Again, if I download and install malware on one of my Linux boxes, how is this a Linux problem? Linux protects much better than Windows against remote attacks, it can't protect against stupid users.
Sure it can, at least a lot more than it does now. It can sandbox all apps by default, automatically check a malware blacklist and elevate permissions for trojans to ones that are useful to malware only when explicitly told to do so by the user, i.e. he goes in and checks the (allow to send mass e-mails) checkbox for that app.
There is a lot that can be done to more tightly secure Linux distros, applying SELinux style permissions universally is good start. The difference is, for normal home use users don't n
Re: (Score:2)
Again, if I download and install malware on one of my Linux boxes, how is this a Linux problem?
Linux protects much better than Windows against remote attacks, it can't protect against stupid users.
IMHO a strong case could be made that any non geek buying an Android product is by definition a 'stupid user' as there a better user experience out there for the same price that they would have selected if they were smart.
Re: (Score:2)
Android could protect itself from nearly all stupid users if it's developers wanted that. Simply require all binary code to be cryptographically signed by someone reputable (like google, or verisign, or whoever), and give those who sign the apps the ability to revoke their signatures.
It has been working great for websites ever since SSL came out, and has worked pretty well so far with iOS, why not do the same thing everywhere?
If apps had to be signed, then it would be impossible to re-package a popular and
Re: (Score:2)
Again, if I download and install malware on one of my Linux boxes, how is this a Linux problem?
Linux protects much better than Windows against remote attacks, it can't protect against stupid users.
Ok I'll bite, what is 'Linux' doing to protect you from attacks that 'Windows' isn't?
Re: (Score:3)
Ok I'll bite, what is 'Linux' doing to protect you from attacks that 'Windows' isn't?
For starters, not trying to execute stuff that comes in from questionable routes like USB drives, CD and DVD ROMs, embedded in various files like jpegs, PDFs and so on.
But you knew that because you're clearly not stupid.
Re: (Score:2)
The ... Android Market ... only legitimate places to get software that I know of.
So then what is your excuse for this [bit-tech.net]?
Re: (Score:2)
So then what is your excuse for this [bit-tech.net]?

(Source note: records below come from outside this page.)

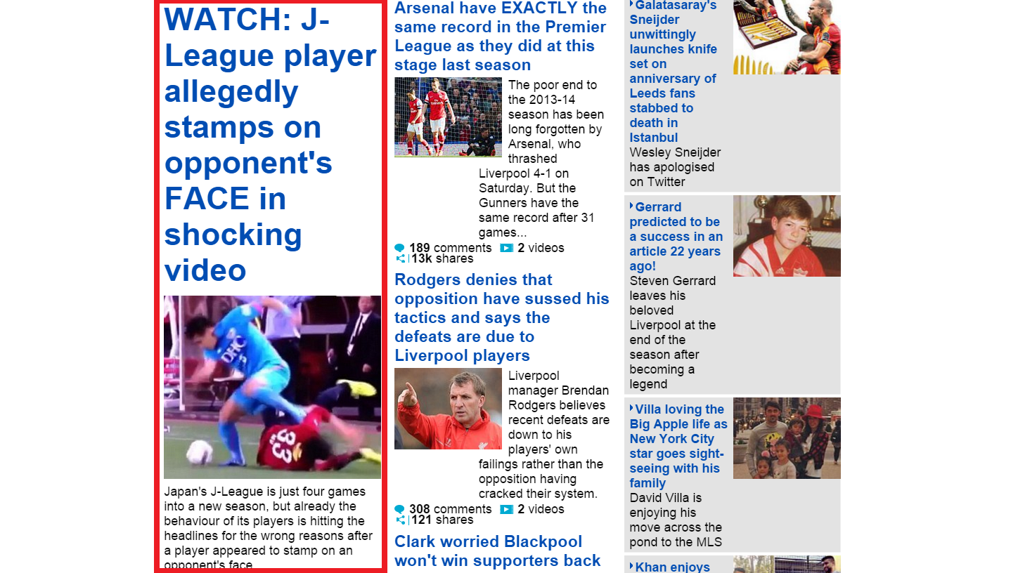 そんな中、今回のニュースは英国メディアでも伝えられていた。 英国『Mail Online』は「Jリーグの選手は、衝撃的な映像の中で相手選手の顔を踏む」とタイトルをつけた。
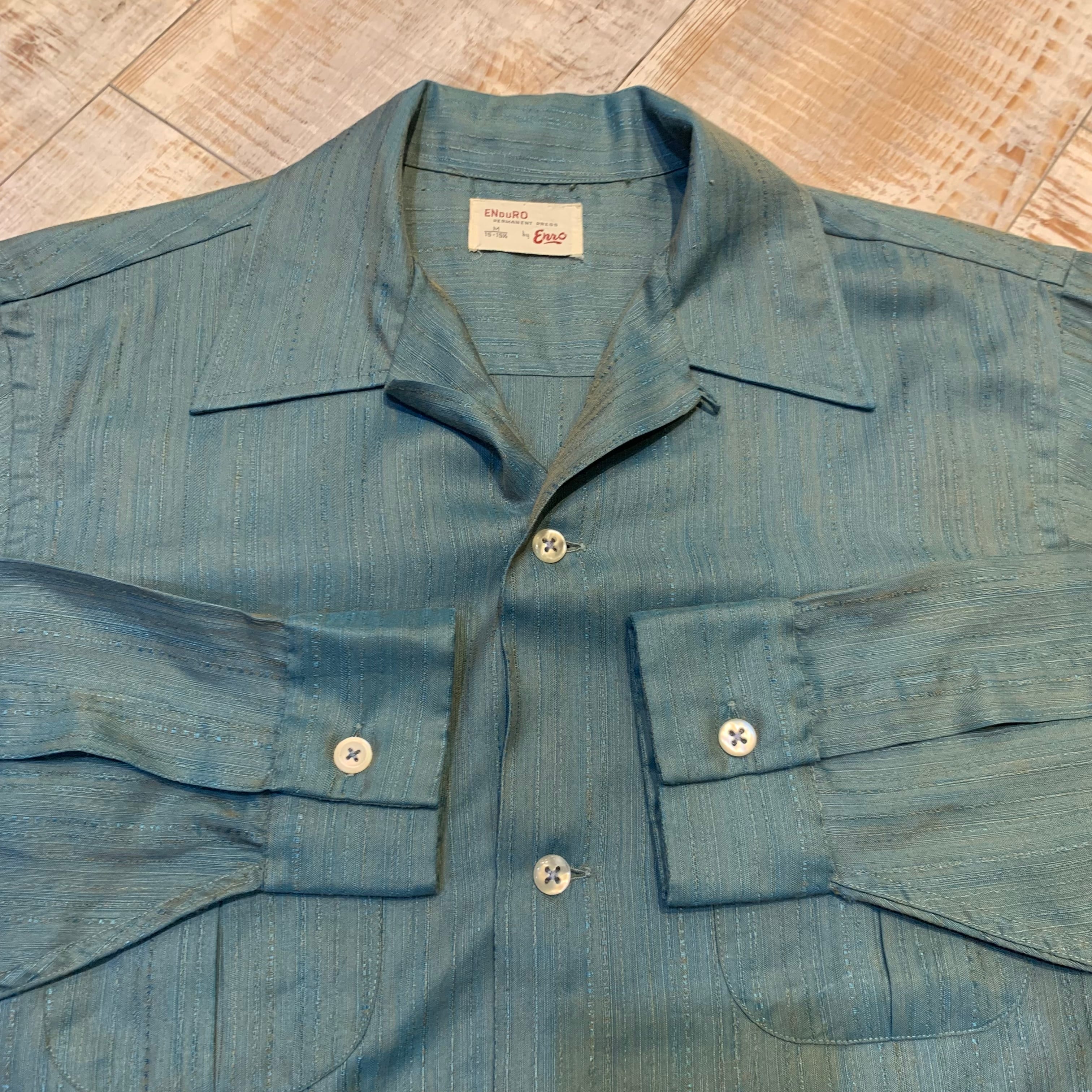 60年代~ “M(15-15 1/2)” ENDURO L/S開襟シャツ 青系 古着 古着屋 高円寺 ビンテージ
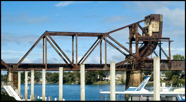 A bascule bridge moves vertically by rotating upward from one pier. Like the vertical lift bridge, a bascule bridge has counterweights that help motors move the multi-ton span. The bridge above, over the Savannah River in downtown Augusta, is a rolling lift bascule. Its counterweights can be seen in the top right of the photo. The days when these particular movable bridges actually moved may be coming to an end. Today the Omaha bridge stays in the up position because the railroad it carried has been abandoned. The bridges at Lumber City and Augusta still carry trains but barge and steamboat traffic has vanished so there is seldom a reason for these bridges to move. |

Fair point. Although it should be noted, on further digging, I don't think anyone actually uncovered any malicious behavior for these apps. The banks were rightfully concerned as they didn't produce the apps and they couldn't verify that they weren't malicious. Considering the nature of the service involved, it's judicious to assume that they were. But for all we know, they could have been simply charging $.99 to people who didn't know how to set a bookmark.
Re: (Score:3)
The last time "sophisticated" was attached to the word malware, a certain Middle East country had problems with its uranium-enrichment program. So what are the chances of this being the mobile version of the Stuxnet worm?
About the same as the chances of anyone using an Android phone to concentrate uranium.
Zero.
Re: (Score:2)
**cough**widgets**cough**flash**cough**sd slot**cough**customizable interface**cough**fanboi**cough
And of course you mean "on a non-rooted iPhone".